> **Given material**
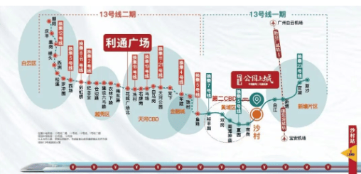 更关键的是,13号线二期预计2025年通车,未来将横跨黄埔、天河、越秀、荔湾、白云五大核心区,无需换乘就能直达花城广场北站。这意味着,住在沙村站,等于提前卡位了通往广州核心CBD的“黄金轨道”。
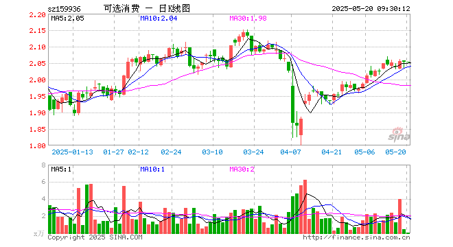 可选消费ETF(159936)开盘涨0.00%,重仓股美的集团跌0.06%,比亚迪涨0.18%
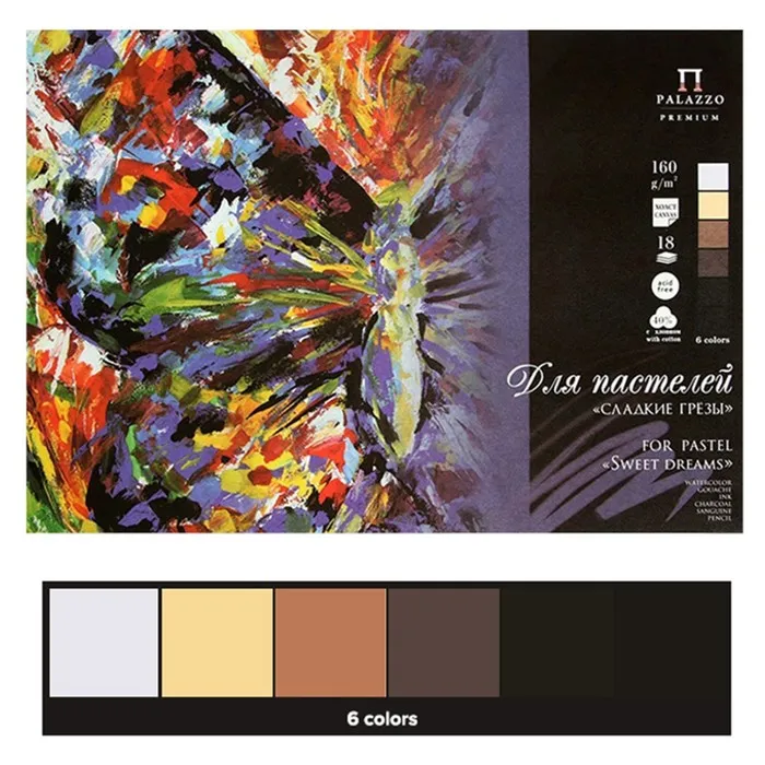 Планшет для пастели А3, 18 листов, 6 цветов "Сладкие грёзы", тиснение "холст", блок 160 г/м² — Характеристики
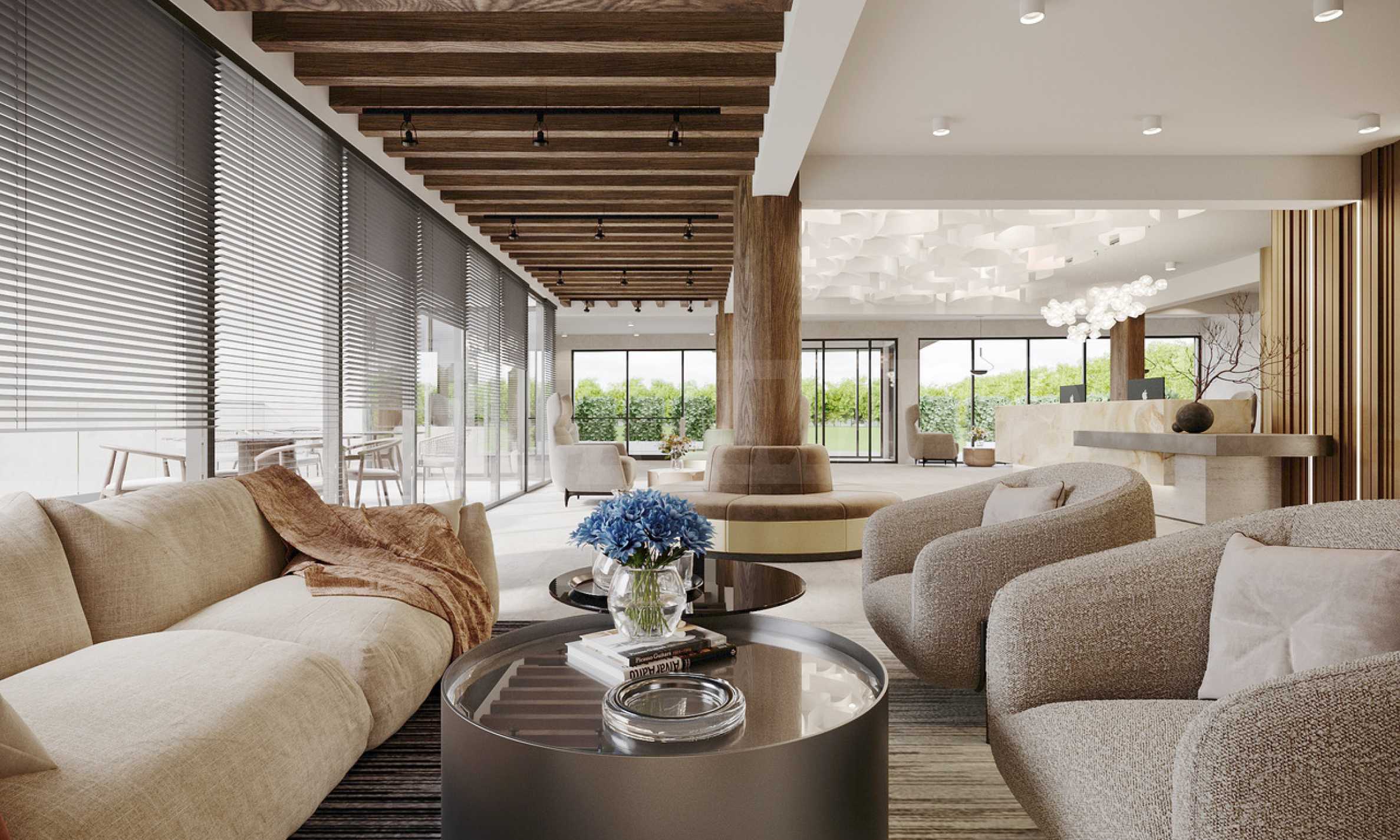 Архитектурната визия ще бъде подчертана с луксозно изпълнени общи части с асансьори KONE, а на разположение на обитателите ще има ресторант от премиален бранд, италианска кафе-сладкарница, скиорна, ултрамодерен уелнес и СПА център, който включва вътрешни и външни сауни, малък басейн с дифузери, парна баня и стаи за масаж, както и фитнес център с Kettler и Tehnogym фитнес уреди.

> **Required work**
In the copy, include no pictures, but repeat the listing exactly.

> **Completed task**
 更关键的是,13号线二期预计2025年通车,未来将横跨黄埔、天河、越秀、荔湾、白云五大核心区,无需换乘就能直达花城广场北站。这意味着,住在沙村站,等于提前卡位了通往广州核心CBD的“黄金轨道”。
 可选消费ETF(159936)开盘涨0.00%,重仓股美的集团跌0.06%,比亚迪涨0.18%
 Планшет для пастели А3, 18 листов, 6 цветов "Сладкие грёзы", тиснение "холст", блок 160 г/м² — Характеристики
 Архитектурната визия ще бъде подчертана с луксозно изпълнени общи части с асансьори KONE, а на разположение на обитателите ще има ресторант от премиален бранд, италианска кафе-сладкарница, скиорна, ултрамодерен уелнес и СПА център, който включва вътрешни и външни сауни, малък басейн с дифузери, парна баня и стаи за масаж, както и фитнес център с Kettler и Tehnogym фитнес уреди.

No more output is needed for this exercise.